How to help build AI for everyone (even if you're not technical)
Maybe you have zero technical experience as a programmer or user-experience designer of artificial intelligence (AI) systems. Maybe you’ve never even written a line of code in your life. Still, there are actions that you–and your community–can take today if you’re inspired to help make AI-enabled products that are useful and accessible to people around the world.
Over the last year, I’ve given introductory, action-oriented talks on this topic to non-technical audiences in a variety of communities. These audiences have ranged from small business owners gathered at the National Minority Supplier Development Council’s annual conference in Detroit to entrepreneurs in the tourism industry in Haiti; from senior business enterprise executives in Chicago interested in expanding their audiences globally to an organization for LGBTQ+ high school students in New York.
Here, I’ll share the same information on how anyone can help train ML and AI systems by contributing data from a diversity of communities, to work toward reflecting the diversity of the world.
How AI helps build more inclusive products
First, it’s helpful to understand what the term “AI” means. AI is the science of making machines intelligent, so they can recognize patterns and get really good at helping people solve specific challenges or sets of challenges.
For example, AI has helped teams at Google improve how our systems recognize dozens of languages. This comes in handy as more people search for information online. In this way, AI can help improve the inclusivity of our products and fuel not only audience growth, but also increased opportunities for users around the globe.
A dominant technique in developing effective AI is Machine Learning (ML). ML is a term which some people may use interchangeably with AI, but they are not the same exact thing. ML is used to develop AI, by getting computers to do something without being programmed with super-specific rules. ML can help machines recognize patterns and adjust to unique situations...like offering voice search results in a growing variety of languages and accents as more people adapt this form of search.

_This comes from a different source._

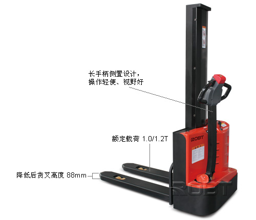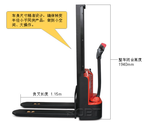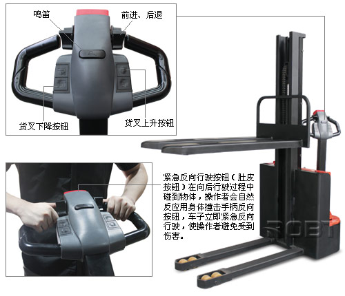·业界最小作空间的电动堆高车; ·低耗、高可靠的创新设计; ·长手柄、偏置操作,方便安全。

How you and your community can contribute to more inclusive AI
Now that you have a very basic definition of what AI Is, you can begin to contribute to creating inclusive, AI-fueled products. AI systems learn from data, and Google has a few free, open resources for anyone around the world to help train Google ML models. Models are simply the mathematical equations that represent the steps an intelligent machine will complete to make a decision. When people from a variety of different perspectives collaborate to share data, they can help researchers and scientists build increasingly inclusive ML algorithms.
Here are a few resources to help you take action immediately:
- Quick, Draw! This Google Creative Lab Experiment is an online game that prompts players to draw simple, internationally-recognizable objects such as shoes or chairs so a machine can guess what’s being drawn. In the first year after its launch in late 2016, Quick, Draw! has garnered over a billion drawings from countries as diverse as Brazil, South Africa, and China. It’s become the world’s largest dataset of doodles; we've opened up dozens of millions of these drawings for anyone to access. And now Quick, Draw! is available in more than a dozen local languages, including Arabic, Portugese (for both Portugal and Brazil), and Chinese (for China, Hong Kong and Taiwan).
- Crowdsource This site empowers anyone to help train Google’s own machine learning models by labeling images, translating handwritten material and validating the sentiment of written phrases. You can also share images that show daily objects to help co-create an open data set of global images on the free app version. These contributions directly influence all of our AI systems, which users experience when using apps such as Photos, Maps, and Translate in their daily lives. To date, people have contributed from over 190 nations around the world.
- Conversation AI Jigsaw is a technology incubator team that deals with some of the world’s most challenging geopolitical problems. One challenge Jigsaw is working on is improving conversations online, with tech that helps flag and score toxic comments. It’s been used on sites such as Wikipedia and The New York Times. Jigsaw encourages anyone around the world to contribute examples of comments (both comments you want in your community and comments you don’t want in your community) for use in research and products. You can submit examples here.
Free tools and training for your next steps
This is just a sampling of tools we offer non-technical audiences interested in taking action to help build inclusive AI systems.
You can learn how our researchers are working to advance AI for everyone, take online self-study courses to start becoming an ML practitioner, browse open datasets provided for the research community, and more on the Google AI site)
We hope you’ll join us, as our teams aim not only to build AI for everyone, but with everyone.